THE PROBLEM | The answer must consist only of the lines in the records below from the line with "Celebrate the one" to the line with "Nyår 2026 Fireworks", both included, copied word for word with every picture left out.

Top of INPUT MATERIAL

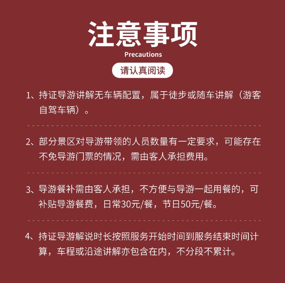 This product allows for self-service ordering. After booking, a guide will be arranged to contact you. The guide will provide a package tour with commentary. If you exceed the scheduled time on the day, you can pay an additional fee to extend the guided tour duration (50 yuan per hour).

Bottom of INPUT MATERIAL
Top of INPUT MATERIAL

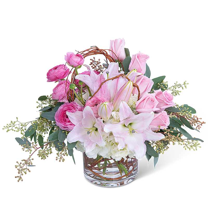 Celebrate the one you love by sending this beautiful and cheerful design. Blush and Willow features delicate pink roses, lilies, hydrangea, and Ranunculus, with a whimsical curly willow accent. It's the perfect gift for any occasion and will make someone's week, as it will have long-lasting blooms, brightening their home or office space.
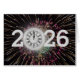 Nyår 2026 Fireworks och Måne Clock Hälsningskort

Bottom of INPUT MATERIAL
Top of INPUT MATERIAL

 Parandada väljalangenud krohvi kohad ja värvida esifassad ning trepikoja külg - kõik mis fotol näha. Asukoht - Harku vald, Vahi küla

Bottom of INPUT MATERIAL

OUTPUT OF THE EXERCISE |
 Celebrate the one you love by sending this beautiful and cheerful design. Blush and Willow features delicate pink roses, lilies, hydrangea, and Ranunculus, with a whimsical curly willow accent. It's the perfect gift for any occasion and will make someone's week, as it will have long-lasting blooms, brightening their home or office space.
 Nyår 2026 Fireworks och Måne Clock Hälsningskort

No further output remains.